I work in the print industry and some clients have the naive idea they'll save m...

just_myles · on March 4, 2020

I can cosign on this methodology. I used to work in an organization that used to build pdfs for accounting and licensing documentation. I used a proprietary tool (Planetpress :( ) to generate the documents using metadata from a separate input file (csv or xml) to determine what column maps to what field.

Good thing about this was as you have already outlined: It allowed for some flexibility in what was acceptable input data. For specific address formats or names we could accept multiple formats as long as they were consistent and in the proper position in the input file.

Regarding renegotiating: We didn't get that far. However, if a customer within our organization was enlisting our expertise and could not produce an acceptable input file, then we would go back to them and explain the format that we require in order to generate the necessary documents. Of course, creating our document through our data pipelines is obviously the better choice, but this was not an option in some cases at the time.

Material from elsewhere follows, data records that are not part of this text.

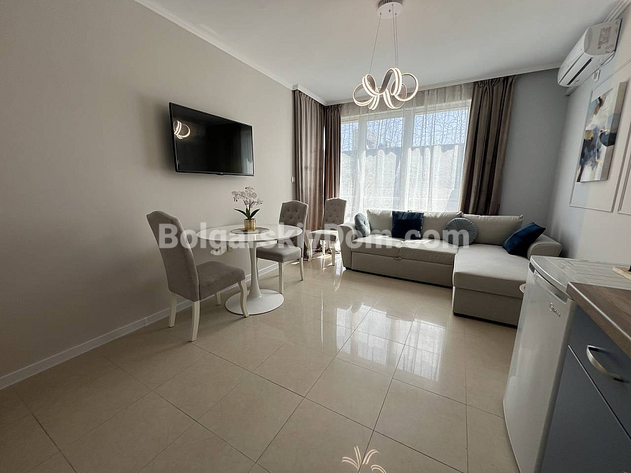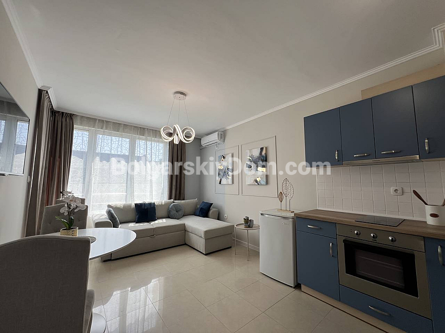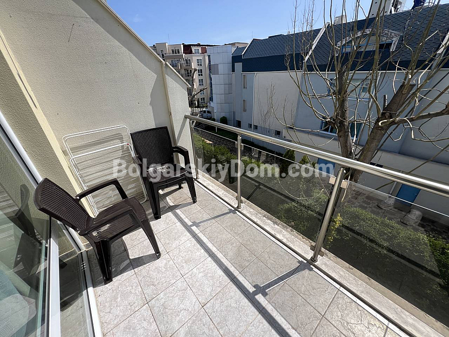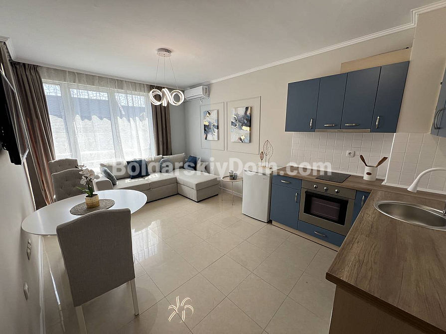 Liquid property on the second line of Sveti Vlas! The Bolgarskiy Dom real estate team offers a rational purchase option: a one-bedroom apartment of 50 sq.m. in the Blue Sky complex. The apartment is on the third floor and features a functional layout (living room with kitchen, separate bedroom, and terrace). The property is fully furnished and equipped with appliances, meaning you get a move-in ready solution. This is a compact option for active vacations or investment in the central part of the resort, as the complex is located in the top area between Dinevi and Yurta.
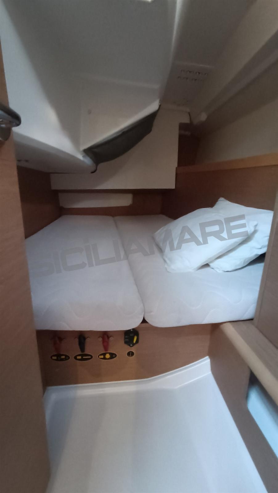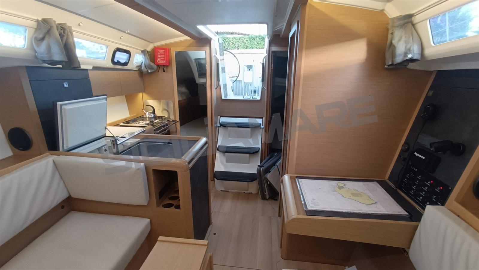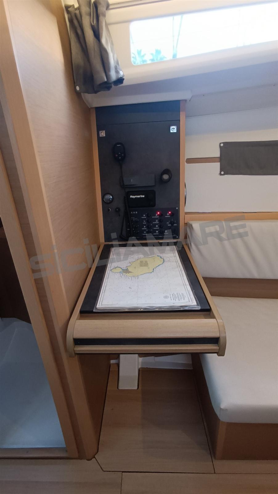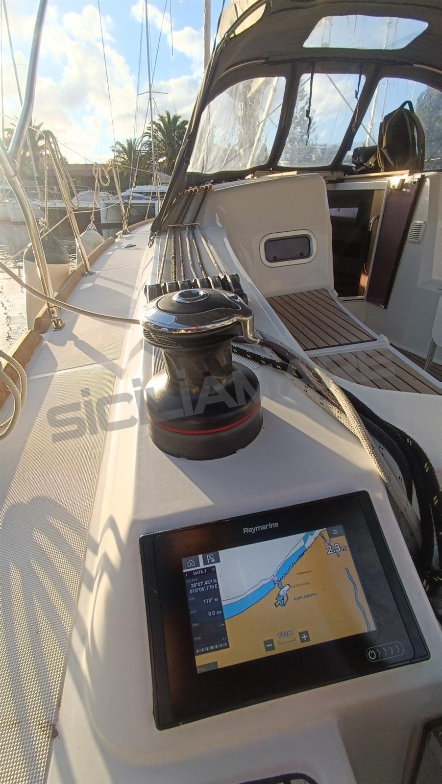 Alarme moteur, Ancre (Delta), Eau sous pression, 3 Batteries (2024), Douche de cockpit, Éclairage de courtoisie, Plateforme arrière, Pompe de cale manuelle, Cockpit en teck, Prise de quai, Guindeau électrique, Gréement monotoron, Echelle de bain, table de cockpit, 2 Winch, Windex.
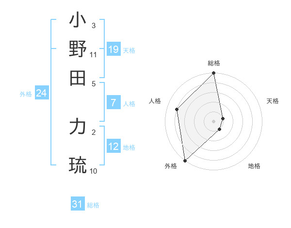 小野田 力琉さんを姓名の画数から五運を鑑定
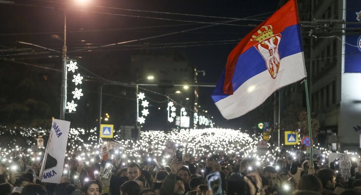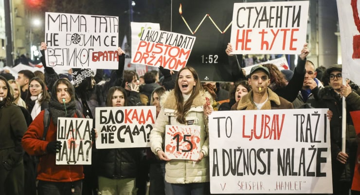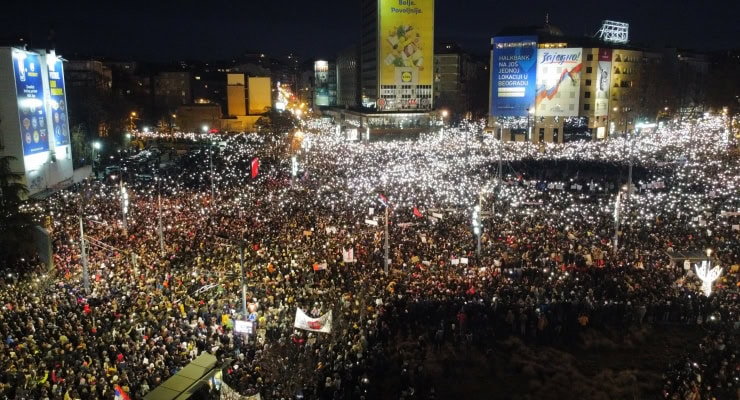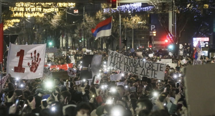 Sırbistan’da Novi Sad kentindeki tren istasyonunda 15 kişinin ölümüne neden olan kazanın ardından hükümete tepkili öğrencilerin başlattığı gösteriye bu akşam on binlerce kişi katıldı.
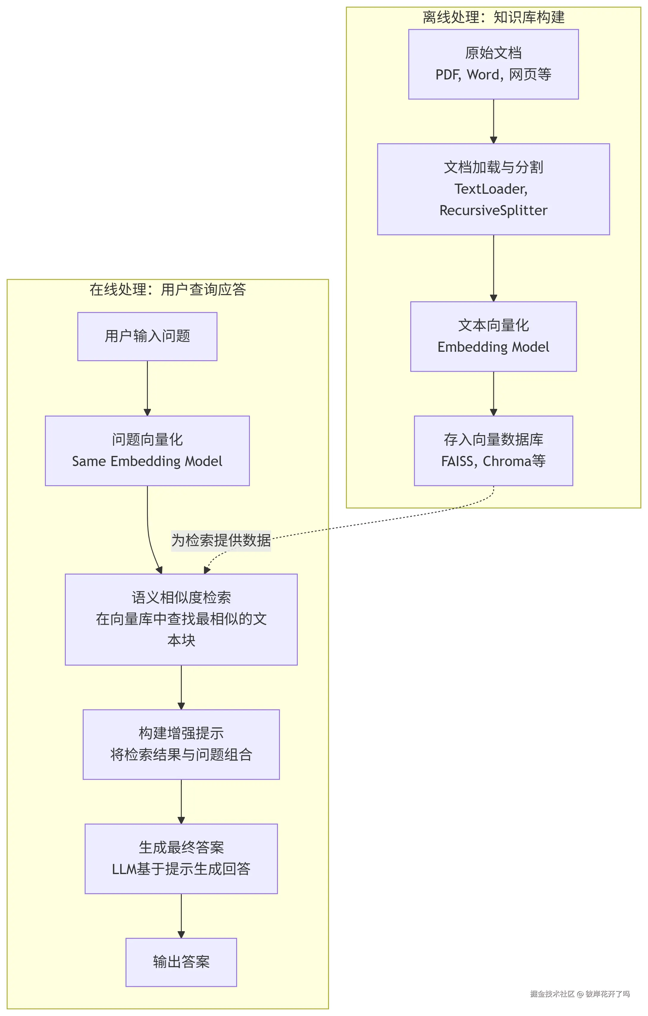 上述流程可以清晰地分为两个主要阶段:离线处理(知识库构建)和在线处理(用户查询应答)。

As far as doing the work of creating these documents in a tool like Planetpress is concerned, well, don't use Planetpress. You are better of doing it in your favorite language of choice's libraries tbh. Nothing worse than having to use proprietary code (Presstalk/Postscript.) that you have to learn and never be able to use anywhere.

hnick · on March 4, 2020

By re-negotiating I mean in terms of quoting billable hours. A rule of thumb for a typical Postscript scraper was around 20 hours end to end (dev, testing, and integration into our workflow system).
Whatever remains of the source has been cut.